Swirsky left WGN for Detroit, where he did play-by-play for University of Michigan basketball in the mid-1990s. He was also sports director for WJR radio. Rob Pelinka was among his Michigan color commentators.

Swirsky next moved to Toronto to become the play-by-play voice of the Toronto Raptors during the 1998–99 NBA season, first on the radio, then for television beginning in 2001. On March 23, 2007, Swirsky was honored by the Raptors when they gave out 18,000 bobbleheads with his likeness. He was known for his famous "Salami & Cheese" phrase, which was used to advertise Raptors game packs during the 2007–08 season. Another catch phrase was "Onions, Baby, Onions," uttered when a player made a three-point shot, and later used to advertise Raptors NBA TV HD. Swirsky became a Canadian citizen on January 14, 2008.

During the middle of his tenure in Toronto, Swirsky also hosted a sports radio show on CJCL (The Fan 590) called The Chuck Swirsky Show. Swirsky took listeners' calls and provided sports news.
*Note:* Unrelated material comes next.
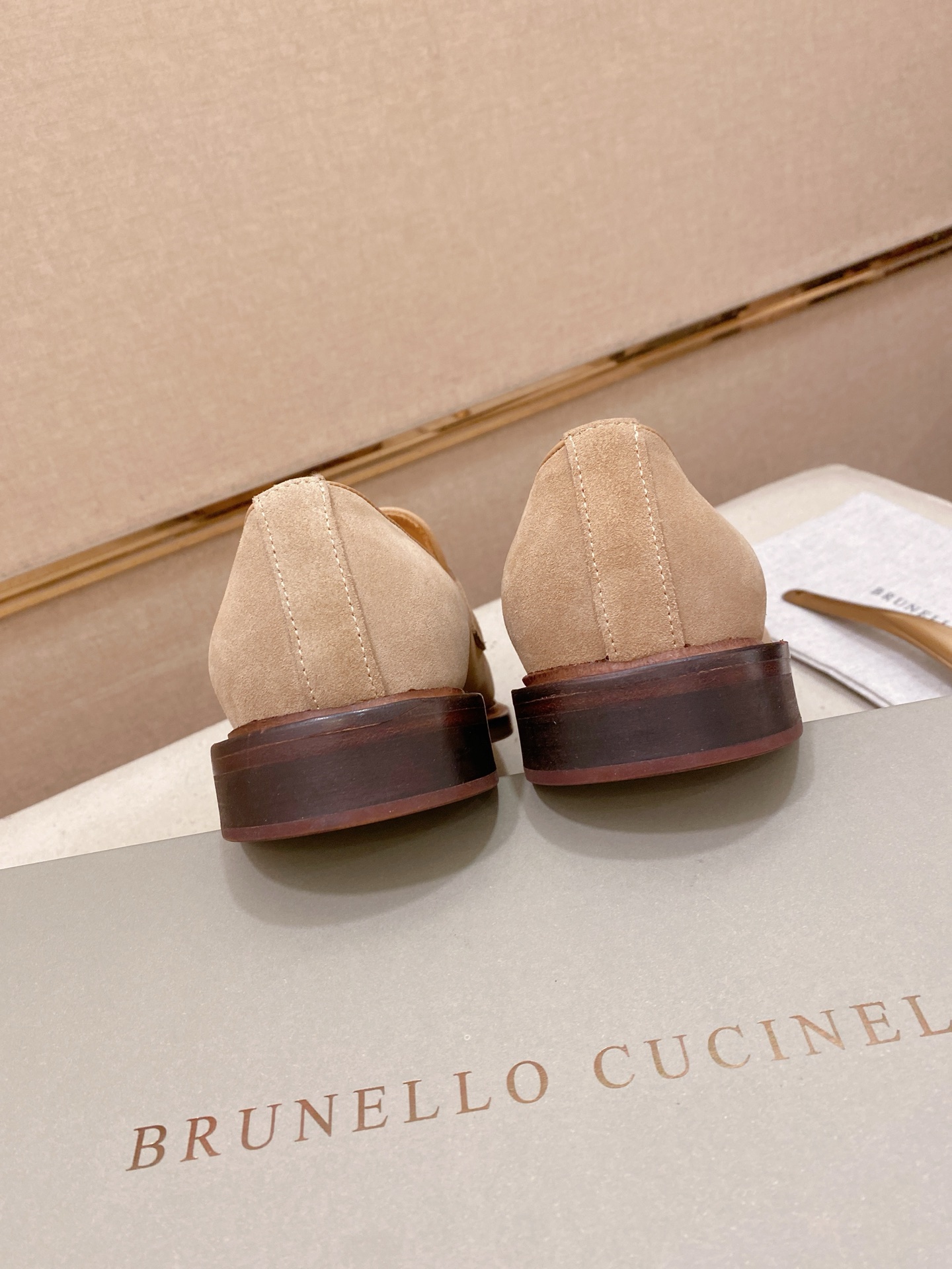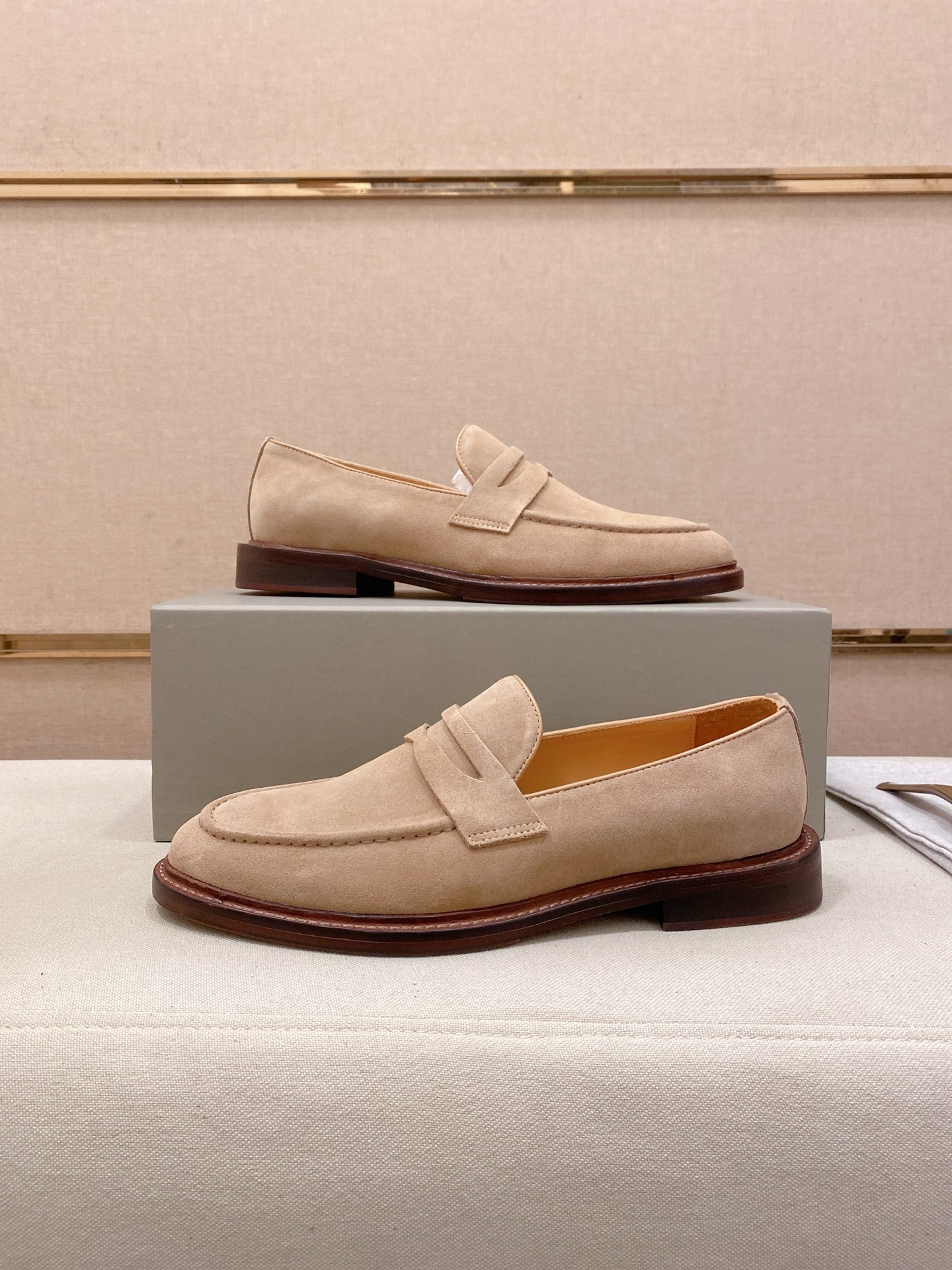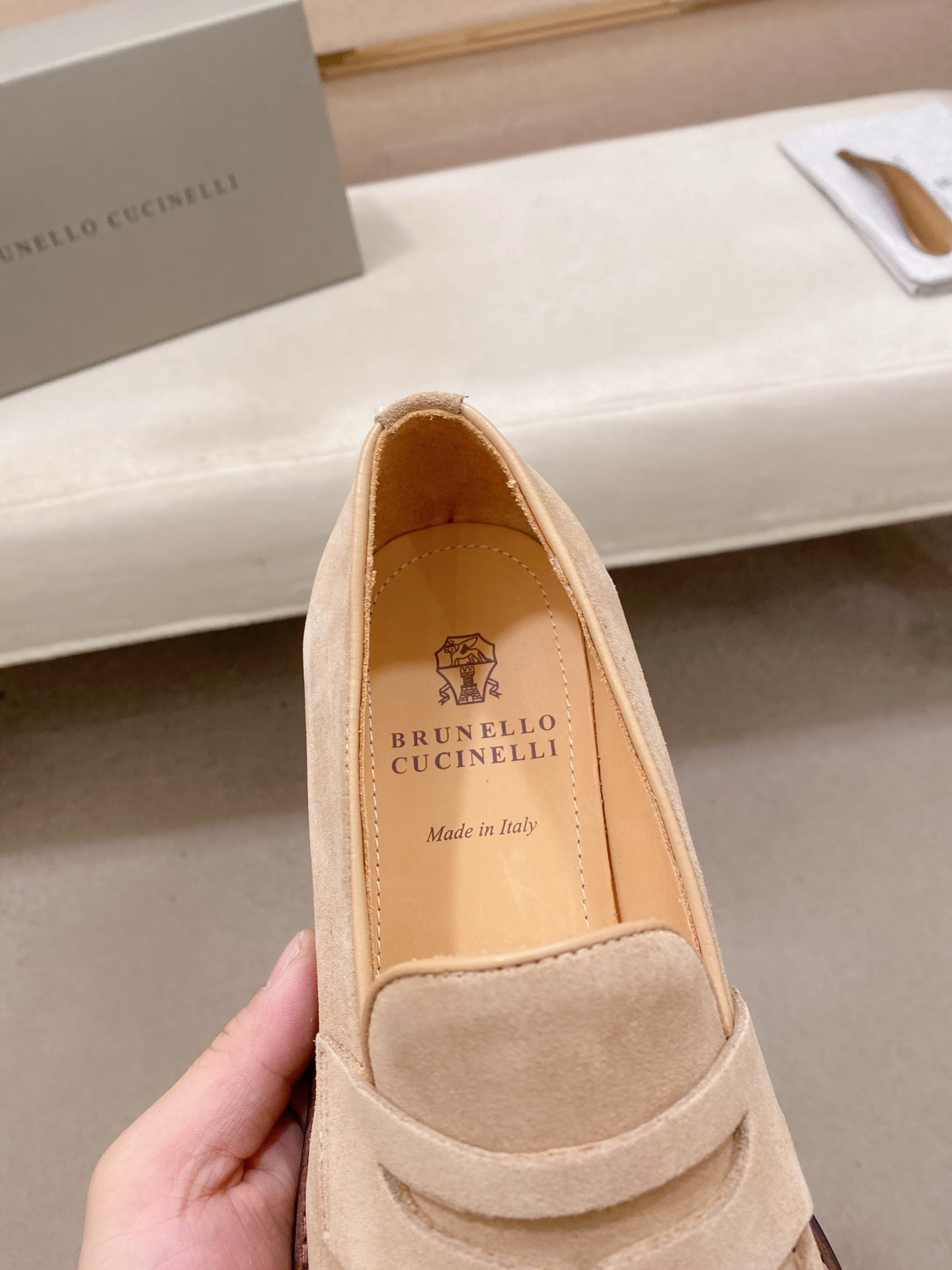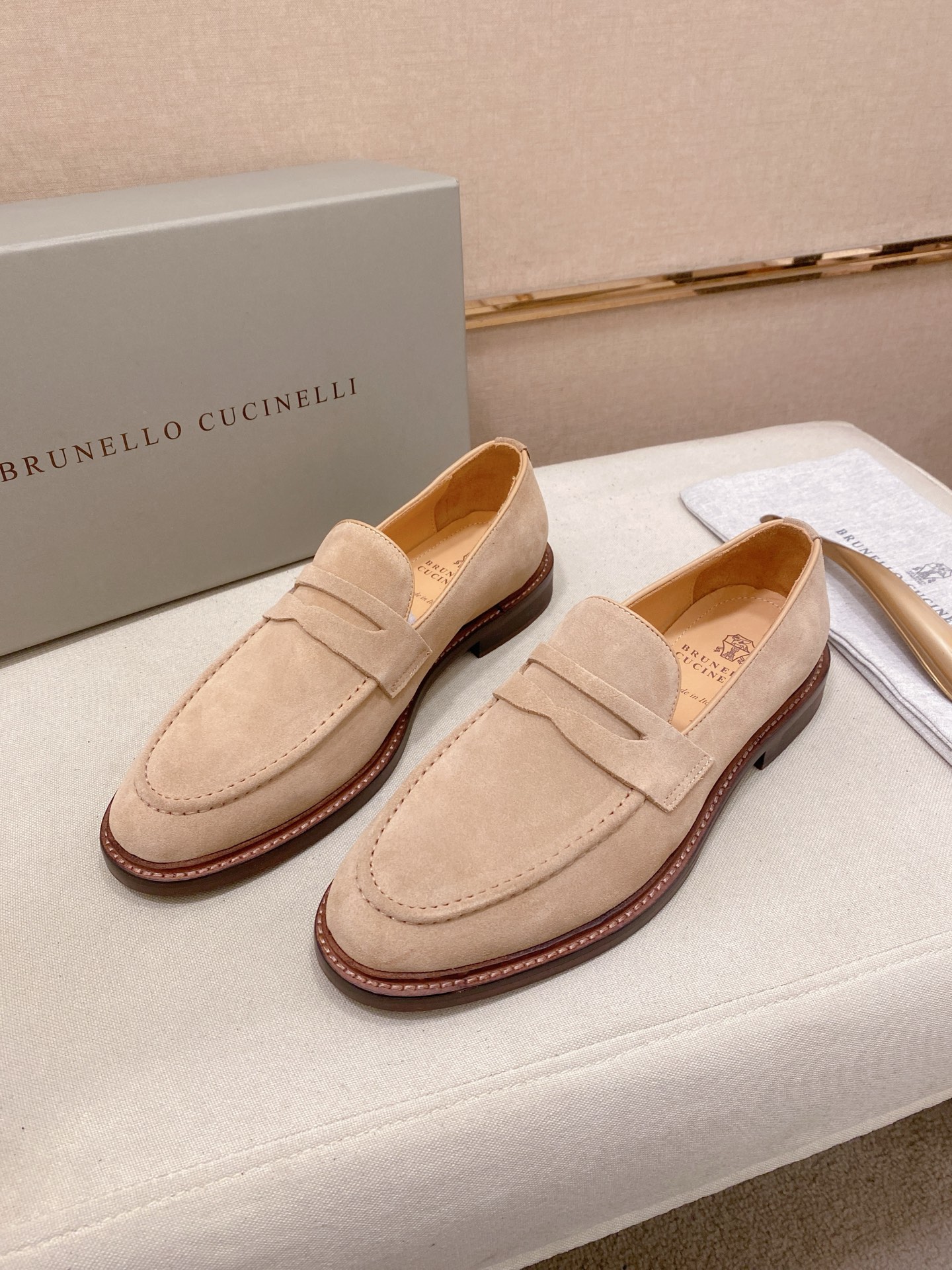 This shoes is AAAAA 1:1 quality (superb). Materials used are identical to the original ones. Brunello Cucinelli trademark marks are indistinguishable to the authentic. Photos take by actual shoes, what you receive will be 100% same with our photos.
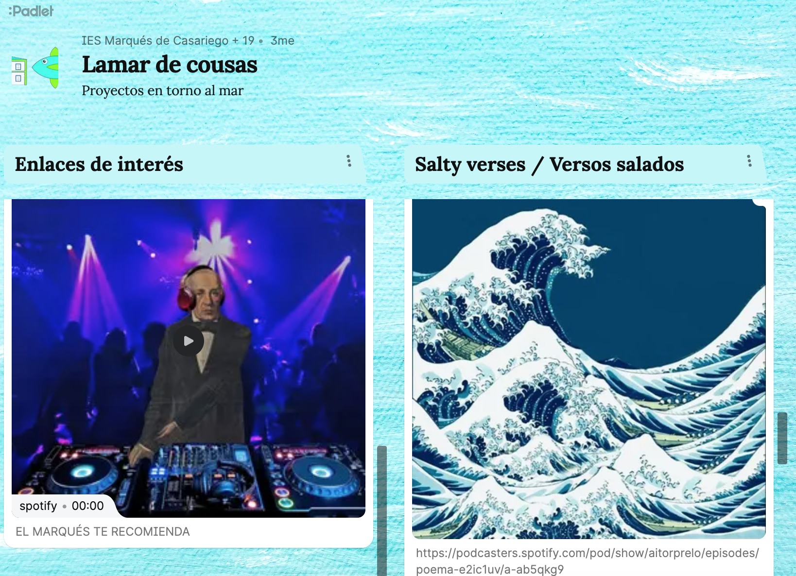 Realizado por todo el alumnado de ESO del IES Marqués de Casariego como un proyecto interdisciplinar, abarca creaciones e investigaciones relacionadas con el mar, elemento esencial de nuestro entorno. Disfruta con la música, poemas, leyendas, dibujos e investigaciones.

On May 6, 2008, Swirsky left the organization for personal reasons related to his family. The show ended on July 31, 2008, and Swirsky's vacated position was filled by Matt Devlin.

Swirsky has since returned to Chicago to carry out the radio play-by-play for the Chicago Bulls on its flagship station WMVP, which is the same station as Swirsky's first employer, WCFL. He has also called Chicago White Sox games in 2015 as a fill-in for then play-by-play broadcaster, Ken "Hawk" Harrelson.

On September 7, 2016, Swirsky was inducted into the Chicagoland Sports Hall of Fame. In May 2018, he was inducted into the Illinois Basketball Coaches Association Hall of Fame and the WGN Radio Walk of Fame. He was named to the National Bobblehead Hall of Fame in 2022.